若属实,至少可得一壶羡仙酒。"
刘三手持玉佩,对众人逐一检验。
真正有所领悟者身上会被飞仙图留下印记,触碰玉佩时便会显现反应。
此举杜绝了欺瞒。
玉佩反应的强弱,更昭示着观图者的天赋悟性高低。
这正是刘浩甄选人才之法。
但凡能窥见片语只字,即便仅认得半个字,也能引发玉佩微光,至少可获一壶羡仙酒。
若转手卖出,足以供寻常人家十年温饱。
正因如此,每月二十八日前来观图者络绎不绝,不仅有本国人士,更有异国来客。
当然,每人仅有一次机会,不可重复领取奖赏。
已回府的刘浩忽然抬头望向观仙居方向,与此同时,观仙居内飞仙图中,那位谪仙竟微微一动。
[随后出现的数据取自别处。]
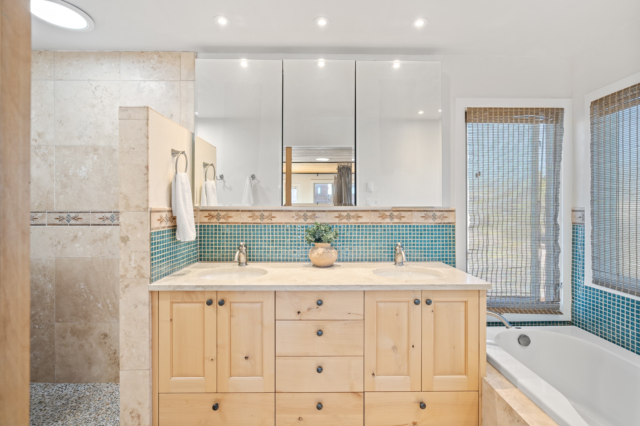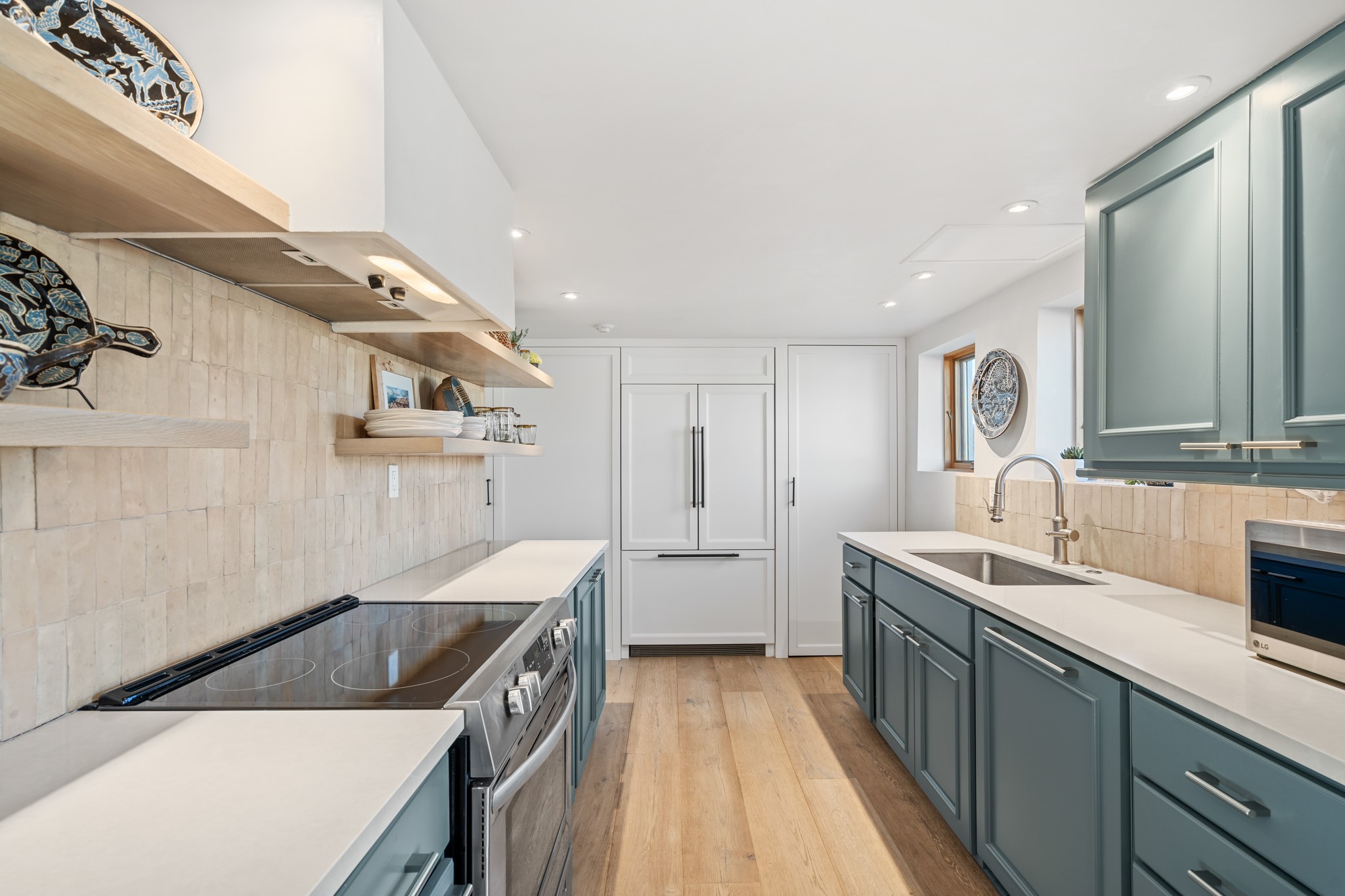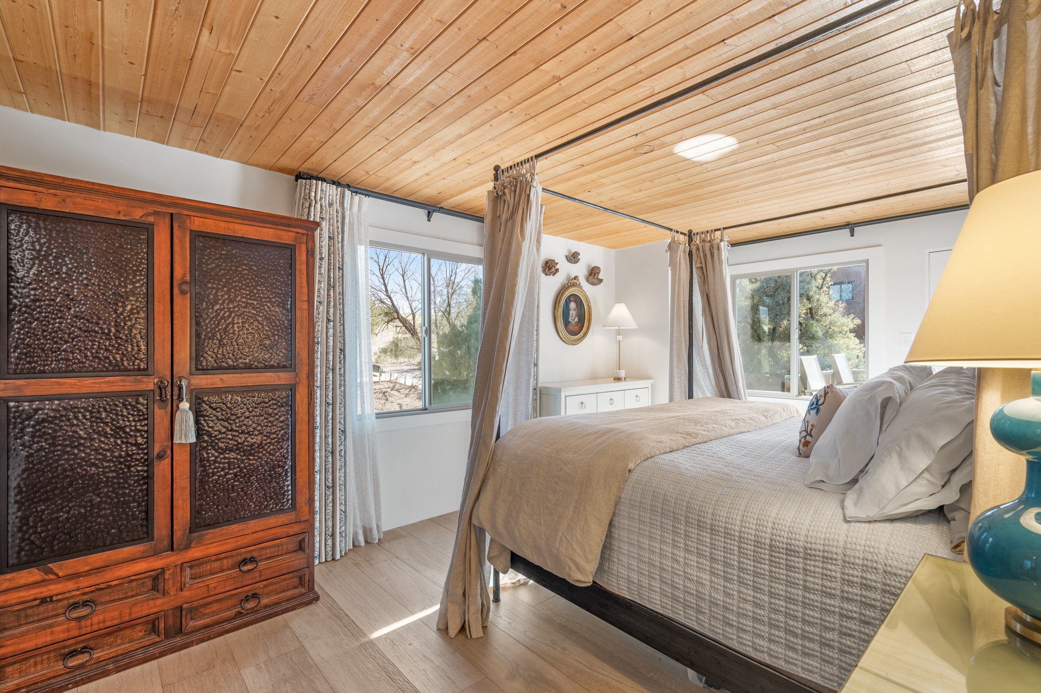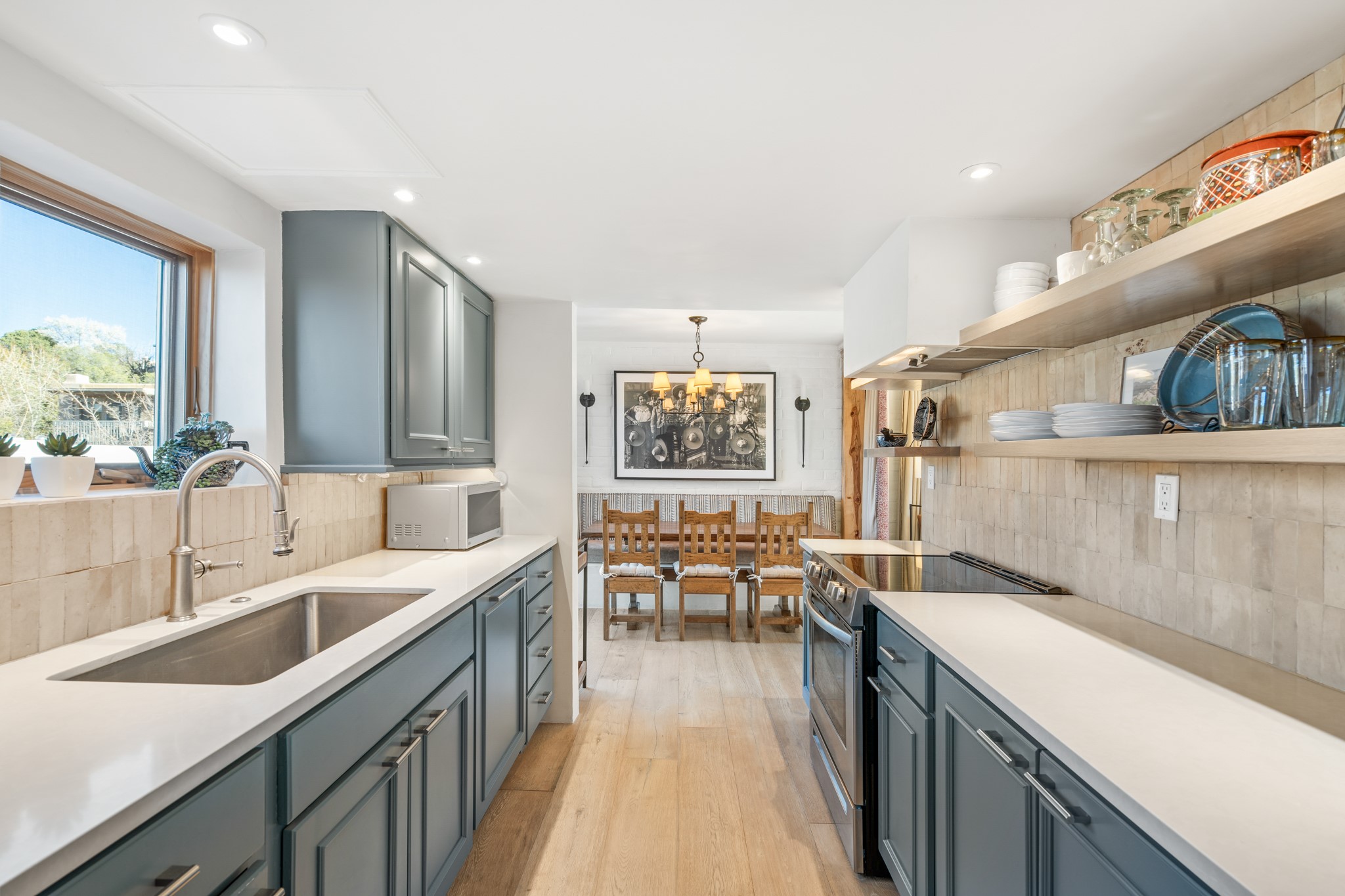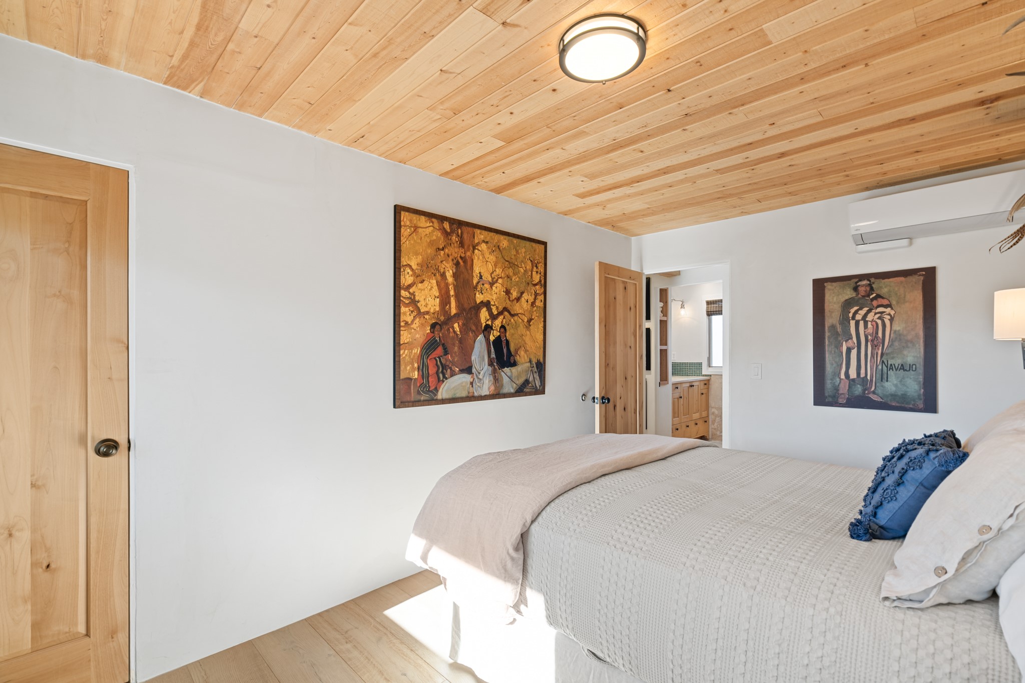 Exceptional Location & Impeccable Renovation in the Heart of Santa FeDiscover a beautifully transformed end-unit residence just moments from the Santa Fe Plaza, Canyon Road, Fort Marcy Park, and miles of scenic walking trails. This light-filled, open-concept home offers effortless living, plentiful parking, and two private outdoor spaces with sweeping mountain views, including breathtaking Jemez sunset views from the upstairs balcony.Every detail has been thoughtfully curated in this complete professional renovation. The home features engineered wood flooring, hand-troweled plaster walls throughout, custom solid wood doors, and new wood beams added to both levels for authentic Santa Fe warmth. The kitchen and half bath showcase new quartz countertops, custom cabinetry, paneled appliances, and modern fixtures. The kiva fireplace has been elegantly re-tiled, and new solar tubes illuminate the bathrooms and stairway.Additional upgrades include a tankless water heater, mini-splits, new light fixtures, and travertine tile in the bathroom. A professionally landscaped yard with irrigation enhances both beauty and ease of maintenance. The property also features a new roof with a 25-year warranty, offering peace of mind for years to come.With abundant windows, mountain views, and two inviting outdoor living spaces, this home offers an exceptional blend of comfort and convenience. Ideally located near downtown and Fort Marcy Park, which includes a gym with classes, pickleball courts, a pool, playground, and dog park, provides endless lifestyle opportunities. Luxury vacation rentals are permitted, offering outstanding flexibility for both owners and investors.

飞仙图中的刘浩存留有一缕神识,当赵敏轻念“道可道非常道”时,他便已察觉。
借着这缕神识,他看清了赵敏的样貌。
她身旁站着玄冥二老,特征鲜明,刘浩自然不会认错。
“看来就是你了,确实生得美,悟性也佳。”
刘浩的嘴角微微扬起。
夏竹笑盈盈地问:“老爷,又发现好苗子了?”
“的确是个不错的苗子。”
——
夜色笼罩下,赵敏的院落里传来她恼怒的声音。
“大梁皇帝当真如此说?”赵敏坐在主位,虽作男装打扮,脸颊却因怒意泛红。
一名下人跪地禀报:“回郡主,大梁皇帝确是这般说的。
此次和亲不必大办,具体事宜……全凭闲王安排。”
皇室婚嫁,向来礼节繁琐。
即便不大肆操办,基本的流程总该走一遍。
比如昭告天下,或是祭祖。
大梁乃大国,规矩理应更多。
赵敏原本已做好应对繁文缛节的准备,谁知大梁皇帝竟下令一切从简,还让她自行前往闲王府,连面圣都免了。
这算什么事?闲王竟如此不受重视?
再怎么说也是亲王,皇帝的亲兄长啊!
赵敏只觉自己看走了眼,错得离谱。
玄冥二老此时走近,挥手示意下人退下。
待旁人离开,赵敏怒火更盛,咬紧银牙道:“大梁皇帝究竟何意?这和亲哪有这般草率的?简直欺人太甚!”
鹤笔翁仰头灌了口酒,嫌味道远不如羡仙酒,索性当水解渴。
“敏儿,换种想法。
”
四下无人之际,二人轻声交谈着。
鹤笔翁望向赵敏的目光充满慈爱,总爱唤她"敏儿",待她如同自家孩子般亲厚。
鹿杖客捻须说道:"世间万物皆有两面,此事未必就是祸事。"
赵敏闻言踢开脚边石子。
她向来聪慧过人,只是稍欠阅历。
经玄冥二老点拨,顿时豁然开朗。
"越是不得圣眷,越显其庸碌无能。"她眸光流转,嘴角泛起狡黠笑意,"这等闲散王爷,既无实权又无才干,凭我的手段,还不是手到擒来?"
玄冥二老相视一笑。
这丫头自小在他们跟前长大,从未令人失望。
但他们心知肚明,大梁皇帝并非不愿约束那位王爷,实是不敢造次——在这大梁境内,刘浩才是真正的主宰。
只是这话即便说与赵敏听,怕也难以取信。
夜色沉沉,明教众人虽已潜入少梁城,却出奇地平静。
转眼到了初一。
这日观仙居照例出售羡仙酒,定价千文一壶,每人限购,且须当场饮尽。
虽不及万钱一壶时配有点心,但价格骤降十倍,仍引得宾客盈门。
白昼尚且喧嚣,入夜更盛。
每逢初一夜晚,少梁城各处青楼总要冷清许多——达官显贵、文人墨客皆涌向观仙居。
多年来已成惯例,众人或在席间吟诗作赋,或高谈国事,热闹非凡。